The problem: Write out the entries below exactly, but only from the line containing "This paper proves" through the line containing "此外,两个参加跨洲附加赛的队", and without the pictures.

--- Dataset entries ---

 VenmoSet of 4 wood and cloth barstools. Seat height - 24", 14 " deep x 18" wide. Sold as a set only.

---
--- Dataset entries ---

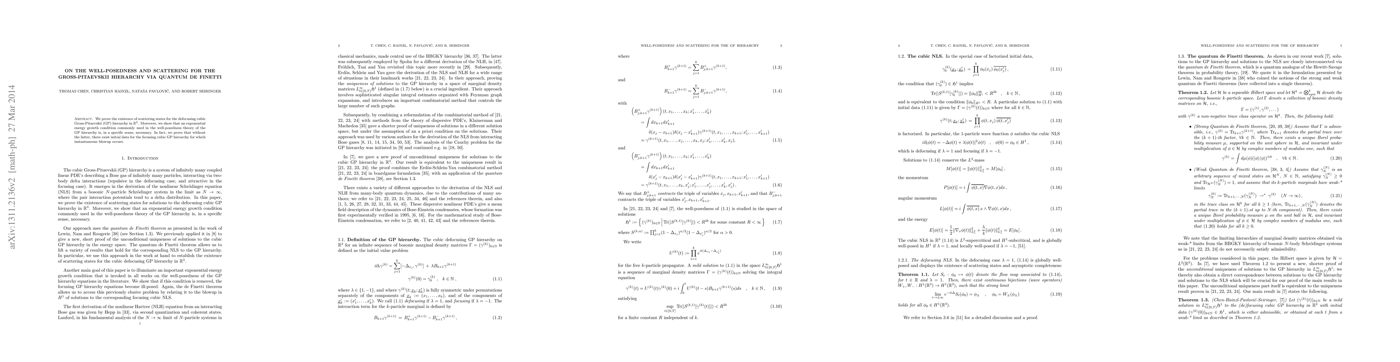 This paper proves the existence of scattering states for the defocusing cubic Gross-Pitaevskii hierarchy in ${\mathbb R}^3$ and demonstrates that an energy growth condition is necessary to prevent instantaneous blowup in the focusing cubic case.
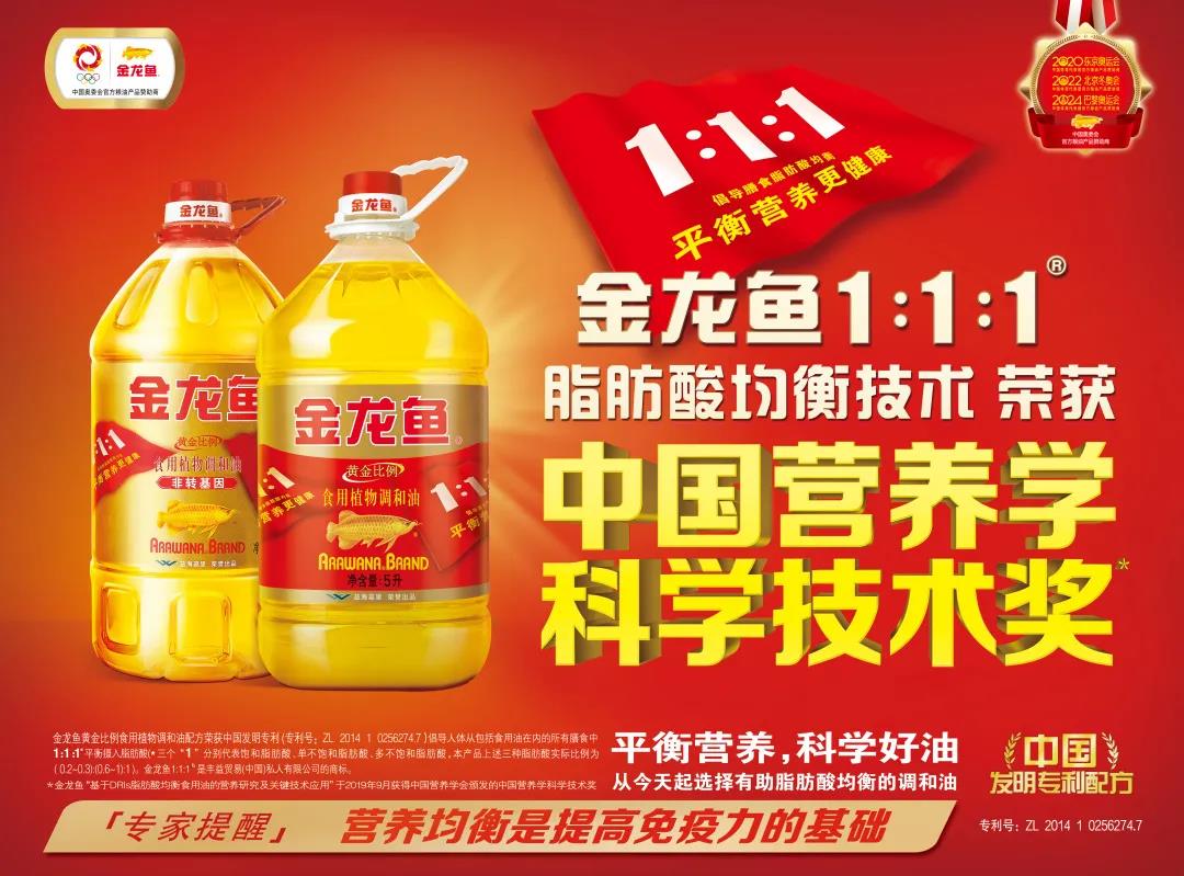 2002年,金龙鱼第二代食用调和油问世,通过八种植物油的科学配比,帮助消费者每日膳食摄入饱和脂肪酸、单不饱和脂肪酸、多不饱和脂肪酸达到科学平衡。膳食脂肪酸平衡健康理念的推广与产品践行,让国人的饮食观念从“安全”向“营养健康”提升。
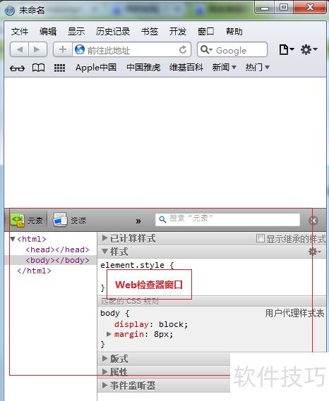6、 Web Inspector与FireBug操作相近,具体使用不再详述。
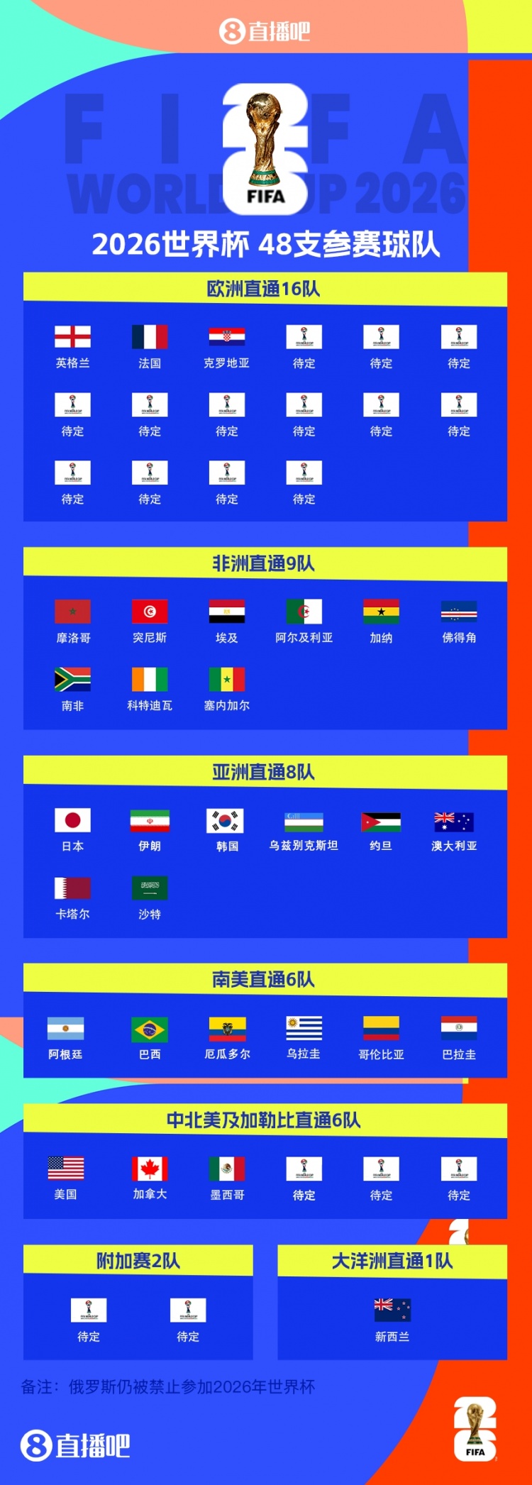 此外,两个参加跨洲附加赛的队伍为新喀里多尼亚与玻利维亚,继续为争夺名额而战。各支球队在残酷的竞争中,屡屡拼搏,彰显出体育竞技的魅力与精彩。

---

Result:
 This paper proves the existence of scattering states for the defocusing cubic Gross-Pitaevskii hierarchy in ${\mathbb R}^3$ and demonstrates that an energy growth condition is necessary to prevent instantaneous blowup in the focusing cubic case.
 2002年,金龙鱼第二代食用调和油问世,通过八种植物油的科学配比,帮助消费者每日膳食摄入饱和脂肪酸、单不饱和脂肪酸、多不饱和脂肪酸达到科学平衡。膳食脂肪酸平衡健康理念的推广与产品践行,让国人的饮食观念从“安全”向“营养健康”提升。
6、 Web Inspector与FireBug操作相近,具体使用不再详述。
 此外,两个参加跨洲附加赛的队伍为新喀里多尼亚与玻利维亚,继续为争夺名额而战。各支球队在残酷的竞争中,屡屡拼搏,彰显出体育竞技的魅力与精彩。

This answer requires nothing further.